### Task item
Repeat the span of the entries below that starts at the line with "今回のデモで扱う生産ラインは" and ends at the line with "둥지 국민평형 기준 2026년", nothing more. Skip the pictures.

### Dataset entries
******

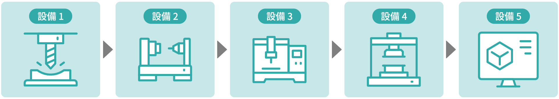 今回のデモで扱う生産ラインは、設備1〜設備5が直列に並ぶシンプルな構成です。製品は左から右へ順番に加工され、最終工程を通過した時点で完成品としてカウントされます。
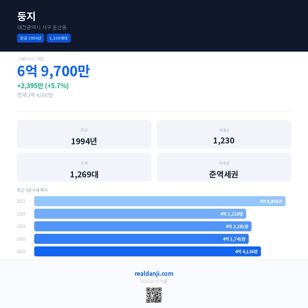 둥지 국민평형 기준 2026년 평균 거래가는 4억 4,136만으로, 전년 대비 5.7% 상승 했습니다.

******

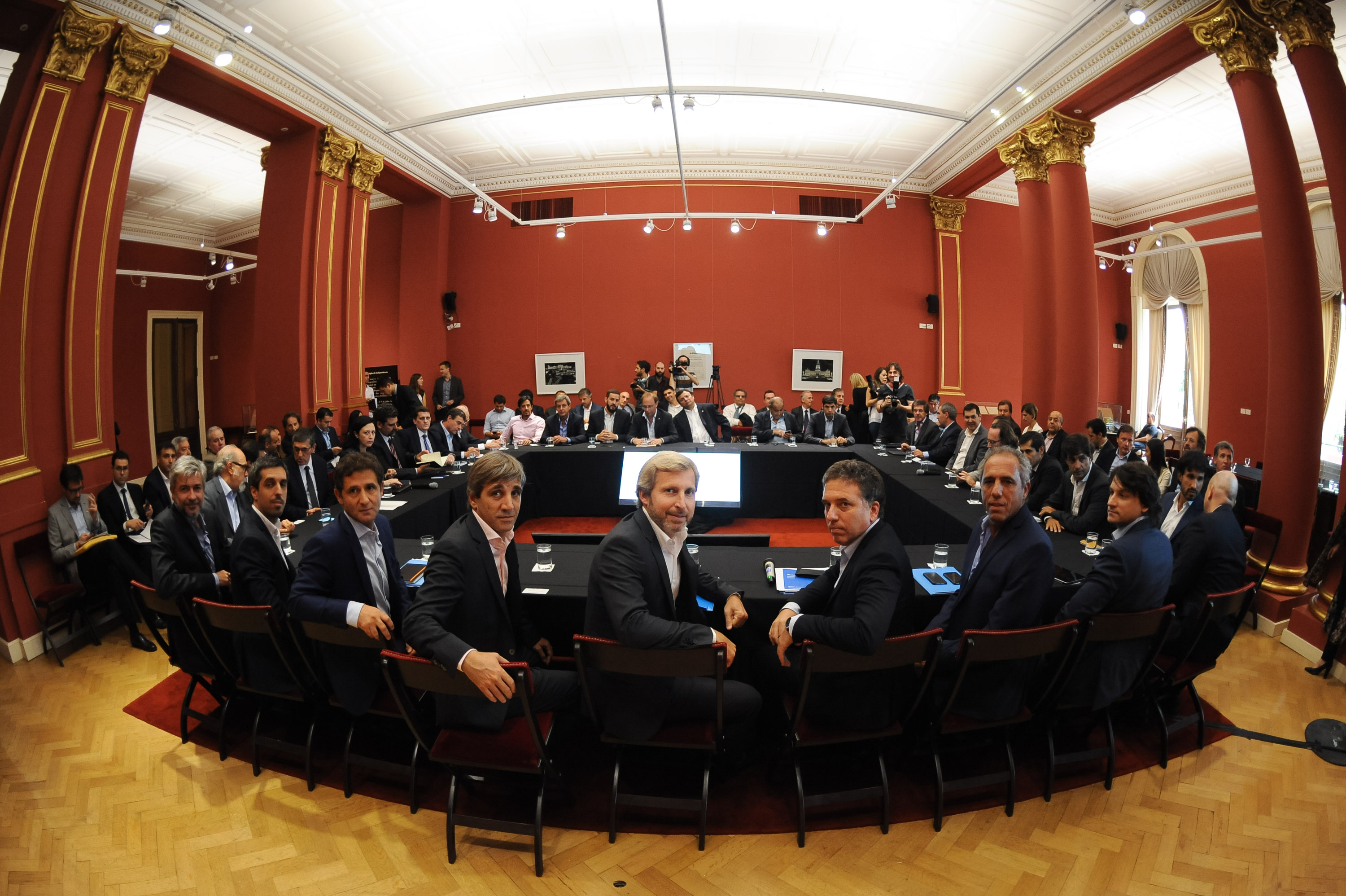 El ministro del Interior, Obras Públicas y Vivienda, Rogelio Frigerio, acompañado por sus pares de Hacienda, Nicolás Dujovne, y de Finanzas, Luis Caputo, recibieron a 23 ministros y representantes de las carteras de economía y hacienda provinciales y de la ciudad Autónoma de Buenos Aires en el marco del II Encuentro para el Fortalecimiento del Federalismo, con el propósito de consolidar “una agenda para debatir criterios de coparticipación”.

******

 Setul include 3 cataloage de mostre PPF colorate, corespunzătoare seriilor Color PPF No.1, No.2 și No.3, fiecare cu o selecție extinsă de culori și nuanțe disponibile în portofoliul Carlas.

******

### Solution to the exercise
 今回のデモで扱う生産ラインは、設備1〜設備5が直列に並ぶシンプルな構成です。製品は左から右へ順番に加工され、最終工程を通過した時点で完成品としてカウントされます。
 둥지 국민평형 기준 2026년 평균 거래가는 4억 4,136만으로, 전년 대비 5.7% 상승 했습니다.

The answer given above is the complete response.